In a step-by-step approach to obtaining the best capsule performances in both safety and efficacy, these results encourage us in adding new features to the device, besides further improving the device performance in terms of battery-LED coupling with more custom solutions. The new features consist in a temperature and a pH sensor. The first one is related to a further safety improvement, to switch off illumination in the remote possibility that the device experiences an excessive heating. The second one is associated to both safety and efficacy improvements: it will turn off the capsule while entering the intestine, to avoid any possible damage associated with intestinal flora photosensitization. At the same time, the pH sensor will maintain the light emission while in the stomach cavity, overcoming the possible limitations related to a pre-defined time emission, like in the present study. Further improvements for the device will concern a further optimization of energy draining to maximise the released light dose, besides a possible reduction in size. As far as the animal model is concerned, further experiments could be performed with infected minipigs even if, in our opinion, the gap in the definition of good, infected models in this field has still to be closed.

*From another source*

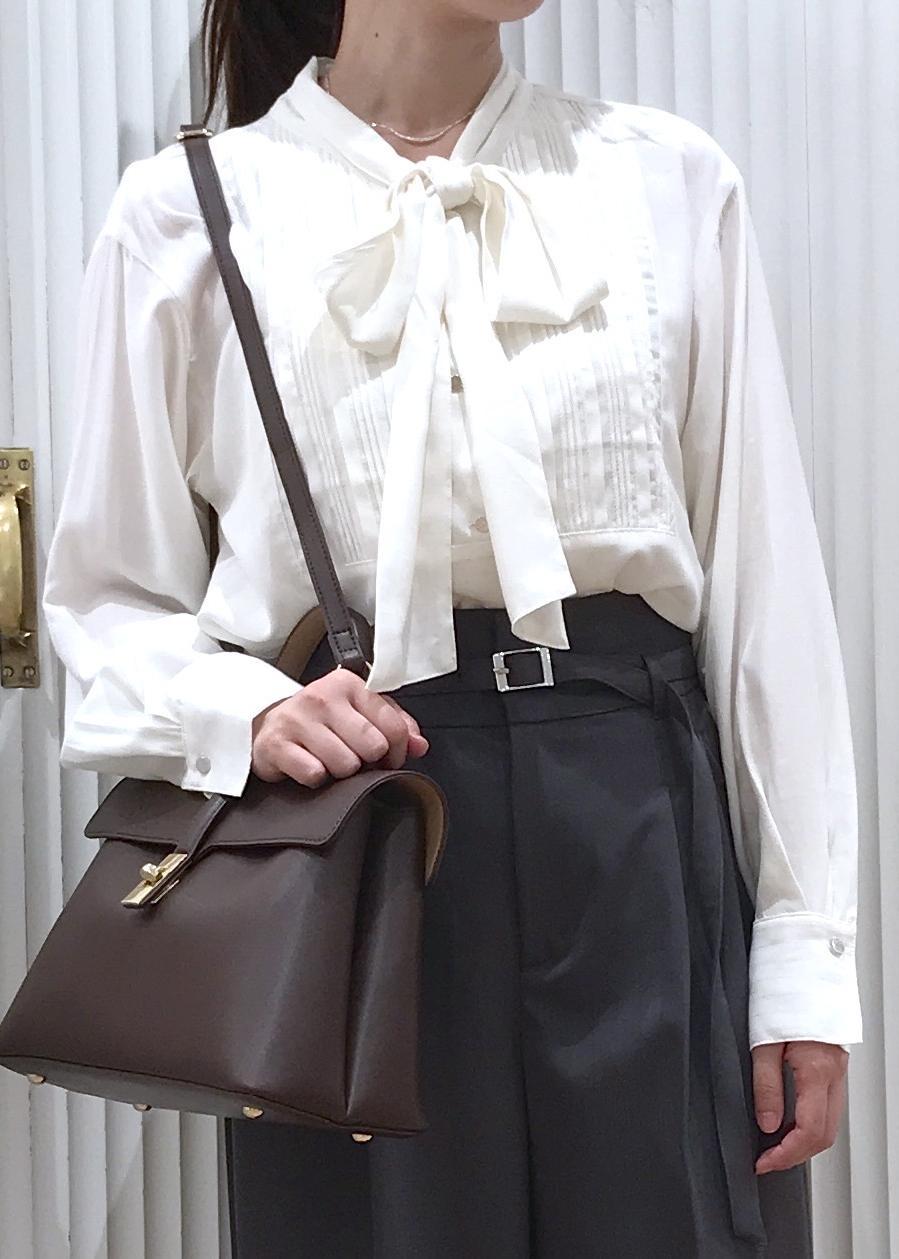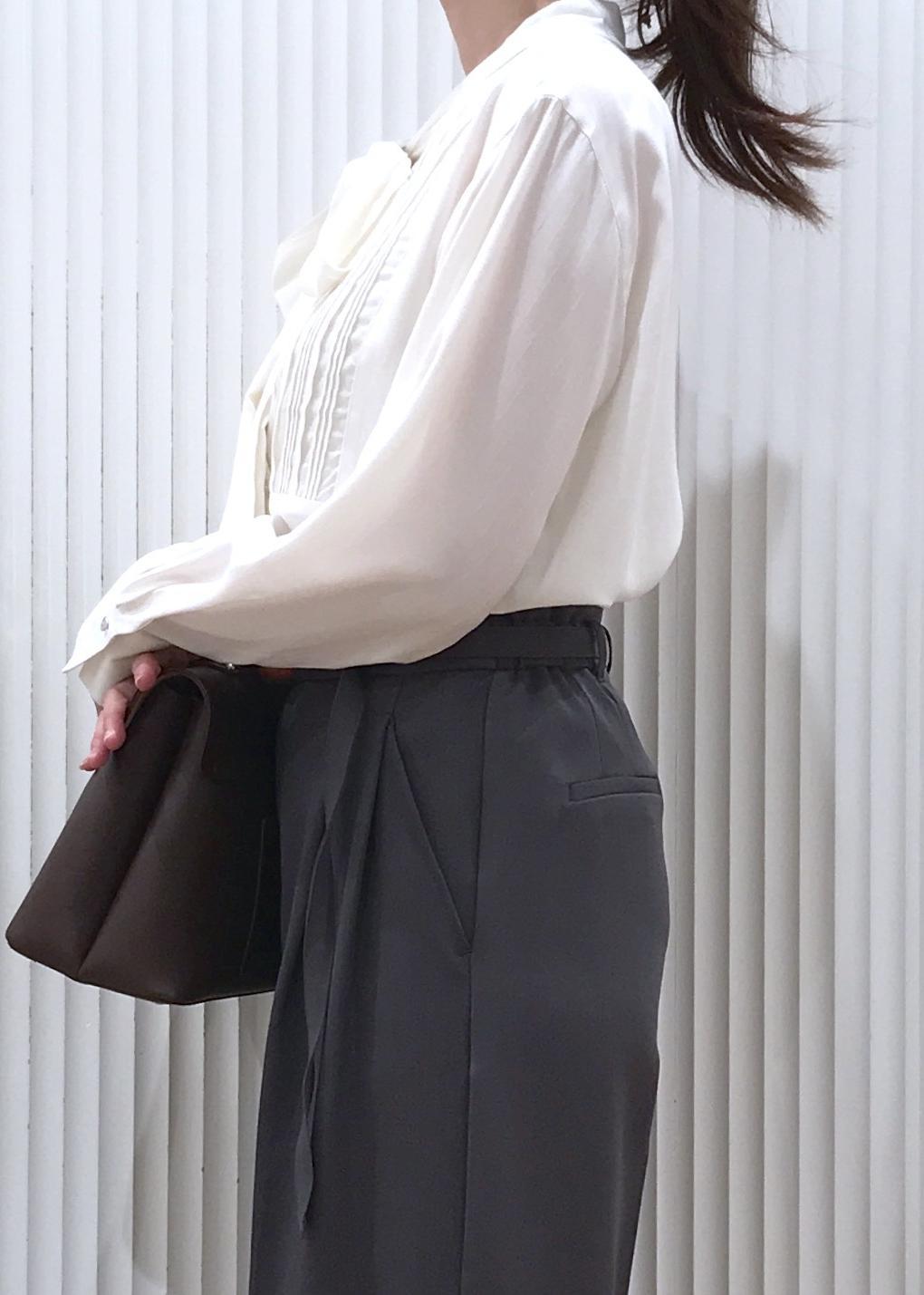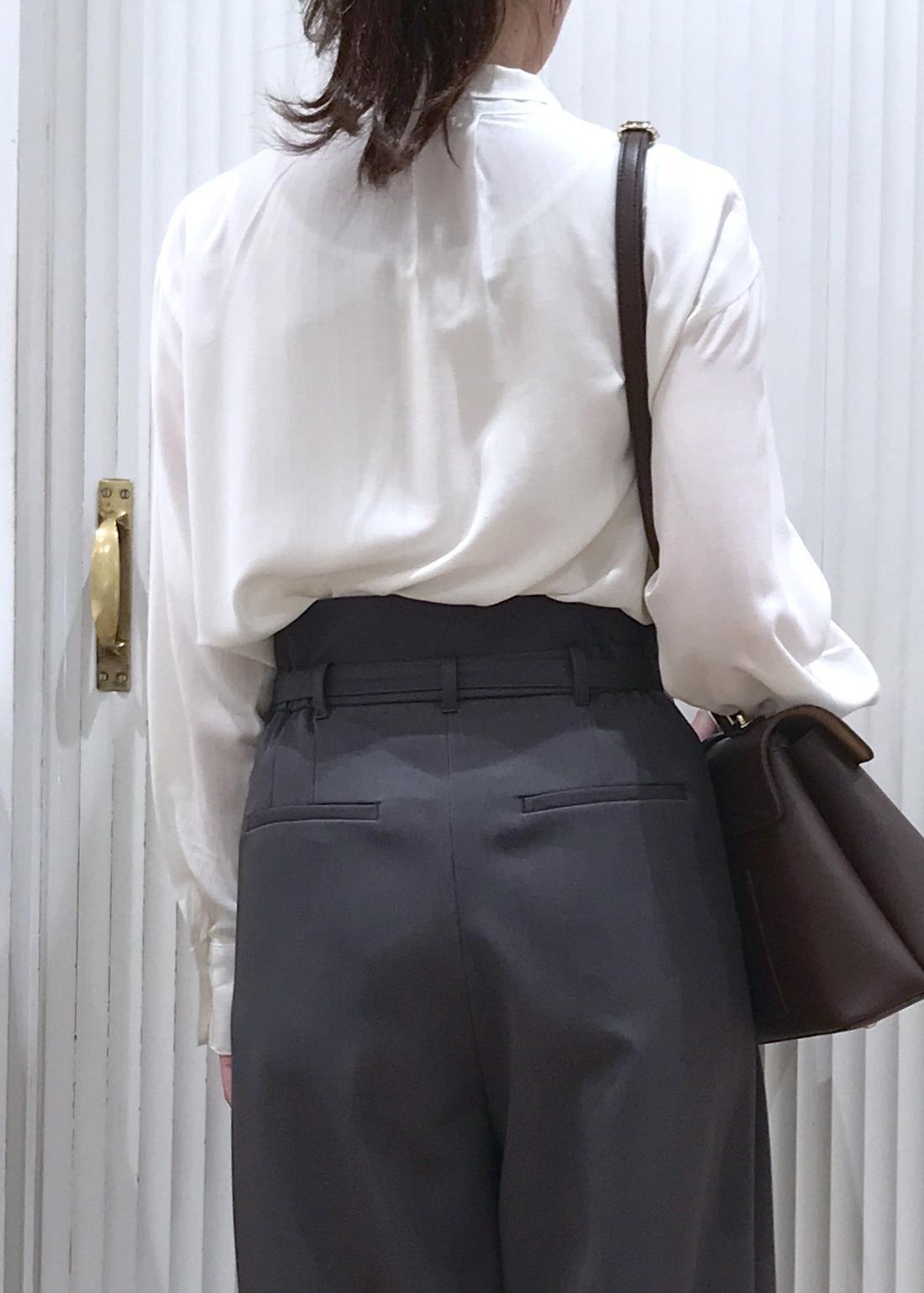 身幅や腕周りはゆったりしていて身体のラインは拾わないですが、厚さがないブラウスなので、カーディガンやジャケットのインナーに着ても嵩張りにくいです。 -

As a final remark, we can confirm that this study was performed according to a general practise where safety studies in an animal model are accomplished before any further step is done in a clinical setting with safety and/or efficacy purposes. In principle, different choices could be considered, such as to also perform efficacy studies in an animal model before doing the same in humans. This could be a way to proceed, provided an appropriate animal infection model is considered.
5 Conclusions
Prototypes of an ingestible luminous capsule to perform aPDI in the stomach were produced and characterised. Their safety was confirmed by on the bench and animal test results, which is normally considered as a prerequisite to further proceed with safety and efficacy studies in a clinical setting, regardless of whether efficacy studies are performed on an animal model. Therefore, these outcomes are very encouraging for the progression of the study in humans, not only for testing the safety of the capsule, but above all, for evaluating its therapeutic efficacy, alone or in possible association with antibiotic therapy [40].
Availability of data and materials
The datasets generated during and/or analysed during the current study are not publicly available due to ongoing R&D activity linked to future industrial production by Probiomedica srl or associated partners, but are available from the corresponding author on reasonable request.
Code availability
Not applicable.
References
International Agency for Research on Cancer, World Health organization. (1994). Schistosomes, liver flukes and Helicobacter pylori. In: AIRC Monographs on Evaluation of Carcinogenesis Risks to Humans. IARC Press, Volume 60, p. 177.
Gerrits, M. M., van Vliet, A. H. M., Kuipers, E. J., & Kusters, J. G. (2006). Helicobacter pylori and antimicrobial resistance: Molecular mechanisms and clinical implications. Lancet Infection Disease, 6, 699–709.
Dunn, B. E., Cohen, H., & Blaser, J. (1997). Helicobacter pylori. Clinical Microbiology Reviews, 10, 720–741.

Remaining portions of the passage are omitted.